▶ INFORMATION PROVIDED:

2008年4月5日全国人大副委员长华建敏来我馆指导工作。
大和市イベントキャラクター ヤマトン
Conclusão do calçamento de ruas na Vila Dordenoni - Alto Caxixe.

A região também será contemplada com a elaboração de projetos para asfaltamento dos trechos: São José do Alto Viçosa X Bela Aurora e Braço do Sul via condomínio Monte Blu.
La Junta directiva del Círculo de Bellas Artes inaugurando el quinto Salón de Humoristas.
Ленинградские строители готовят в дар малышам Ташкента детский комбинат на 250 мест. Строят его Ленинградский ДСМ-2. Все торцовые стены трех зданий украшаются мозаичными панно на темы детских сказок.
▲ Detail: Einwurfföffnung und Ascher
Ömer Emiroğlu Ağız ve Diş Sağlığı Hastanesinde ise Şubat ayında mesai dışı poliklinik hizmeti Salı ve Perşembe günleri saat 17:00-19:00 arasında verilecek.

* * *

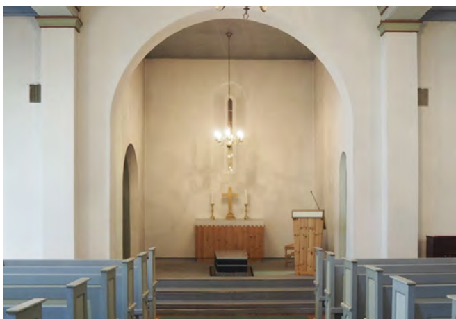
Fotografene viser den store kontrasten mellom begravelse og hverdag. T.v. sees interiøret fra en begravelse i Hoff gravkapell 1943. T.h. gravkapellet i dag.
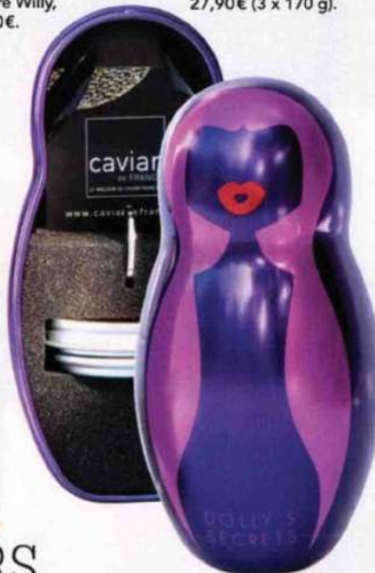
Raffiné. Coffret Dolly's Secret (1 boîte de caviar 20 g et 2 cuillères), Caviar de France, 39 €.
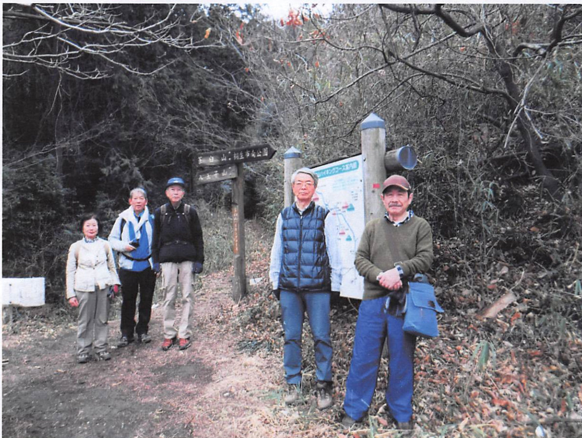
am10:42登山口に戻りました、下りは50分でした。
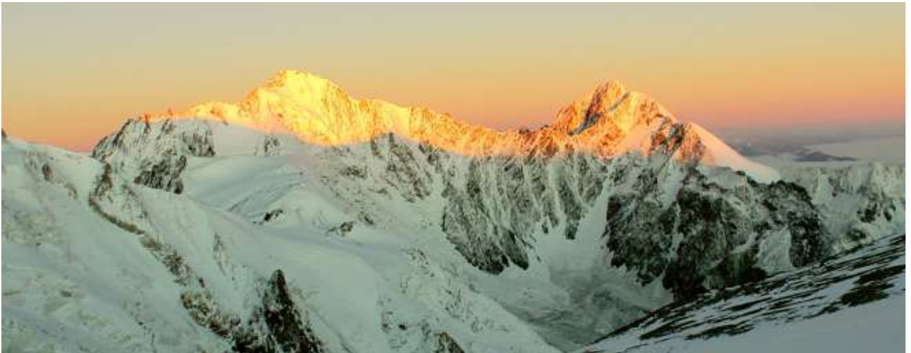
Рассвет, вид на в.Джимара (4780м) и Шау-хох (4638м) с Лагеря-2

==

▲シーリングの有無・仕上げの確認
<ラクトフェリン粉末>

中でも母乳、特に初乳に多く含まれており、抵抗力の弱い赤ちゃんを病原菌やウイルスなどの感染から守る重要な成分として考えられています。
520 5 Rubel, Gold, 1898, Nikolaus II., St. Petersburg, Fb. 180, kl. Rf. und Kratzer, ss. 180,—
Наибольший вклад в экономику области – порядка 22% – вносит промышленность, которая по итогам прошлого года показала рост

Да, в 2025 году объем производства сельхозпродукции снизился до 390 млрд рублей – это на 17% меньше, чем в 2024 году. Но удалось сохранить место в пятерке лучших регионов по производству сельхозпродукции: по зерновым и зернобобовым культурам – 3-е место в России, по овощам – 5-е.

▶ WHAT THE TASK REQUIRES: Within the listing above, give again exactly every line from the line with "大和市イベントキャラクター ヤマトン" through the line with "Einwurfföffnung und Ascher", both included, and no other line.

▶ ANSWER FOR THIS EXERCISE:
大和市イベントキャラクター ヤマトン
Conclusão do calçamento de ruas na Vila Dordenoni - Alto Caxixe.

A região também será contemplada com a elaboração de projetos para asfaltamento dos trechos: São José do Alto Viçosa X Bela Aurora e Braço do Sul via condomínio Monte Blu.
La Junta directiva del Círculo de Bellas Artes inaugurando el quinto Salón de Humoristas.
Ленинградские строители готовят в дар малышам Ташкента детский комбинат на 250 мест. Строят его Ленинградский ДСМ-2. Все торцовые стены трех зданий украшаются мозаичными панно на темы детских сказок.
▲ Detail: Einwurfföffnung und Ascher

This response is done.